» **What needs to be done**: Restate the data word for word and leave the images out.

» **Source data**:
——
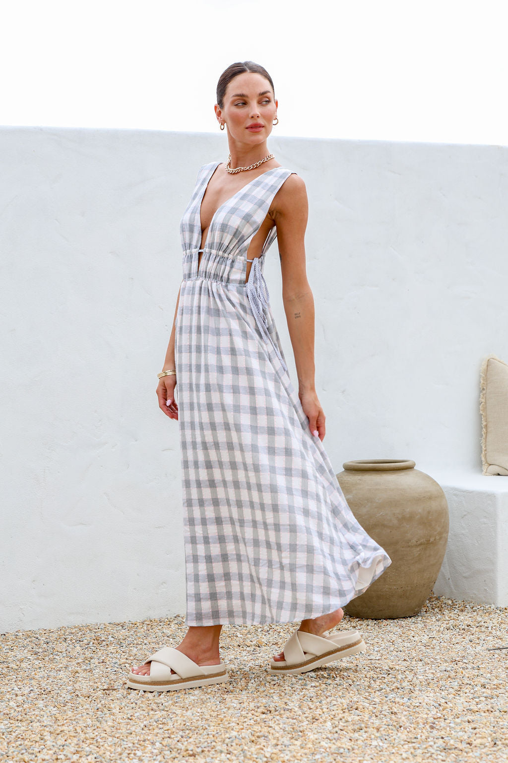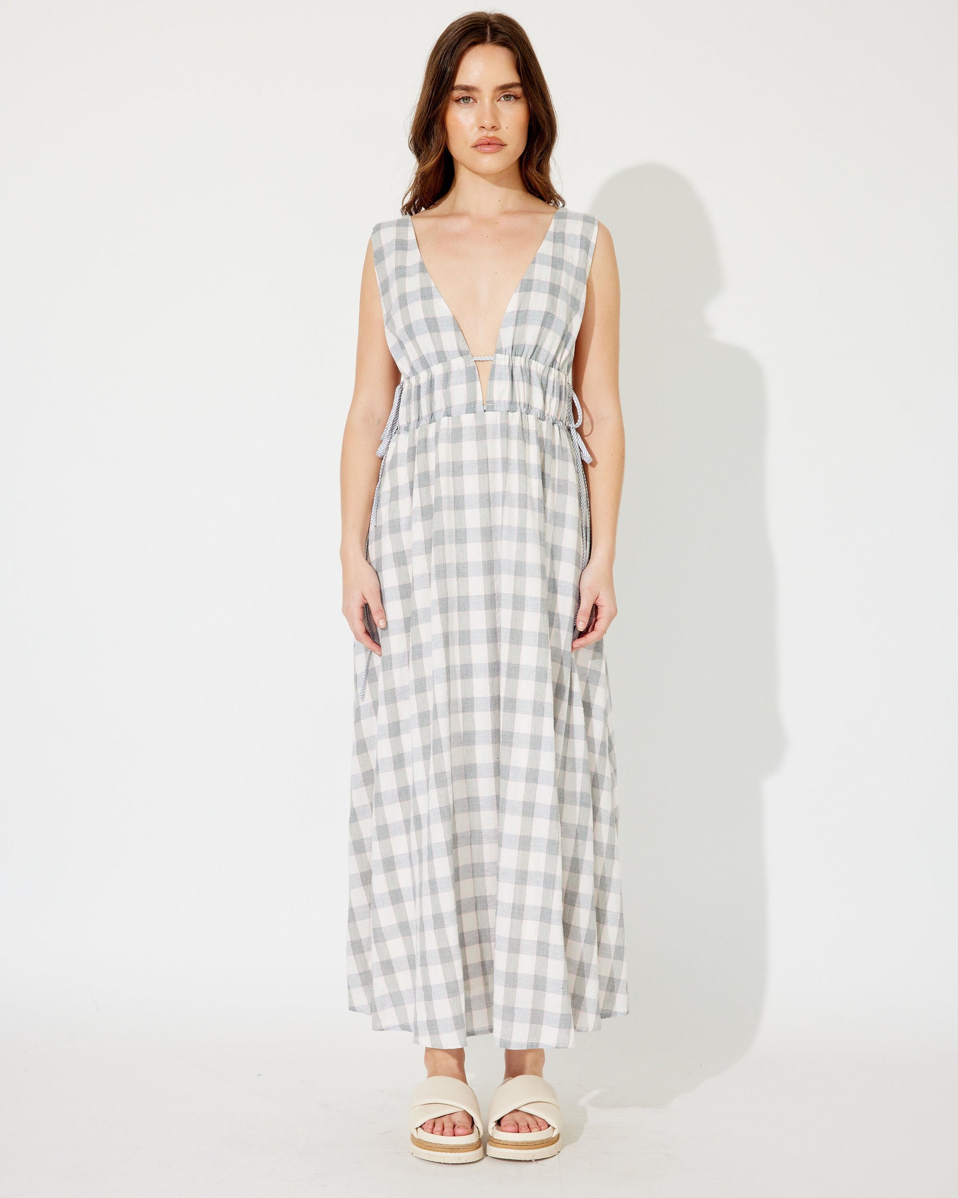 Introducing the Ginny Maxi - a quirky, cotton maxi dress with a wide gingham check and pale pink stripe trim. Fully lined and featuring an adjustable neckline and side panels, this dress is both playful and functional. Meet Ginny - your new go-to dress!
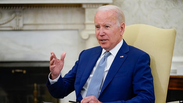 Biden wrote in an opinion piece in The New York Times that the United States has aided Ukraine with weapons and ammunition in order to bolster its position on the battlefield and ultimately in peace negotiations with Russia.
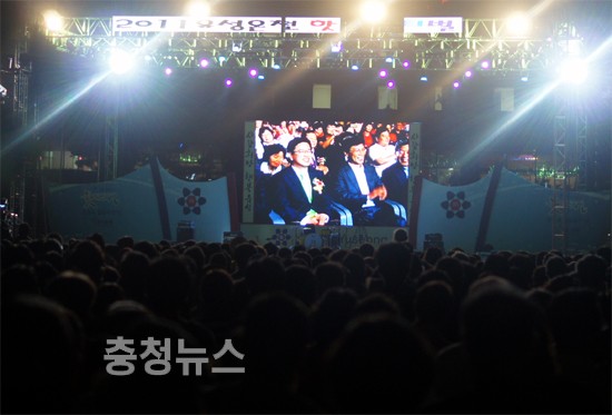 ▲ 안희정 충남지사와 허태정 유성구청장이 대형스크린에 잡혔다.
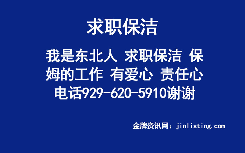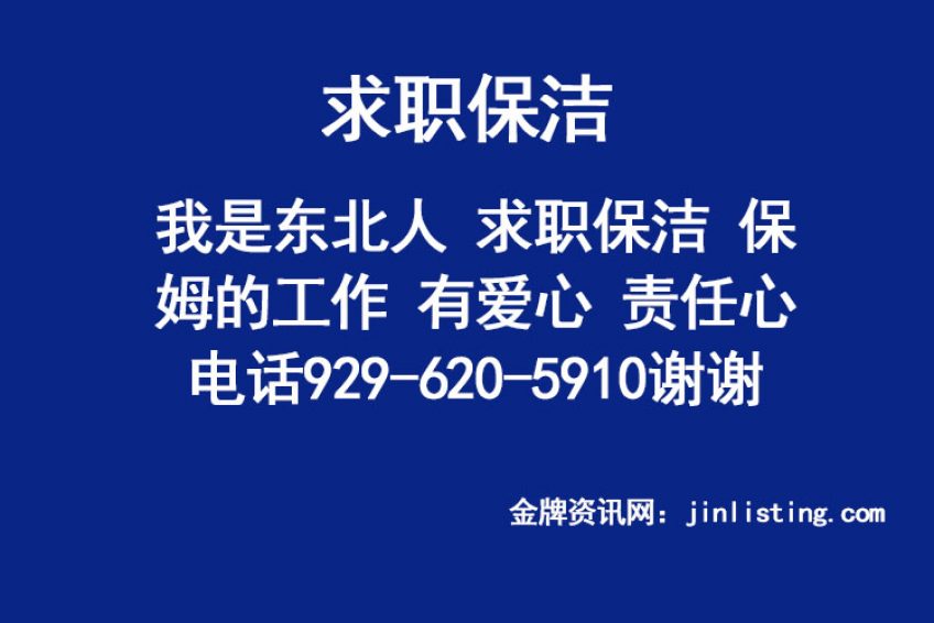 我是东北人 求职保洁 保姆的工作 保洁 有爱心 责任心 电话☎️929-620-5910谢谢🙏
——
» **Exercise solution**:
 Introducing the Ginny Maxi - a quirky, cotton maxi dress with a wide gingham check and pale pink stripe trim. Fully lined and featuring an adjustable neckline and side panels, this dress is both playful and functional. Meet Ginny - your new go-to dress!
 Biden wrote in an opinion piece in The New York Times that the United States has aided Ukraine with weapons and ammunition in order to bolster its position on the battlefield and ultimately in peace negotiations with Russia.
 ▲ 안희정 충남지사와 허태정 유성구청장이 대형스크린에 잡혔다.
 我是东北人 求职保洁 保姆的工作 保洁 有爱心 责任心 电话☎️929-620-5910谢谢🙏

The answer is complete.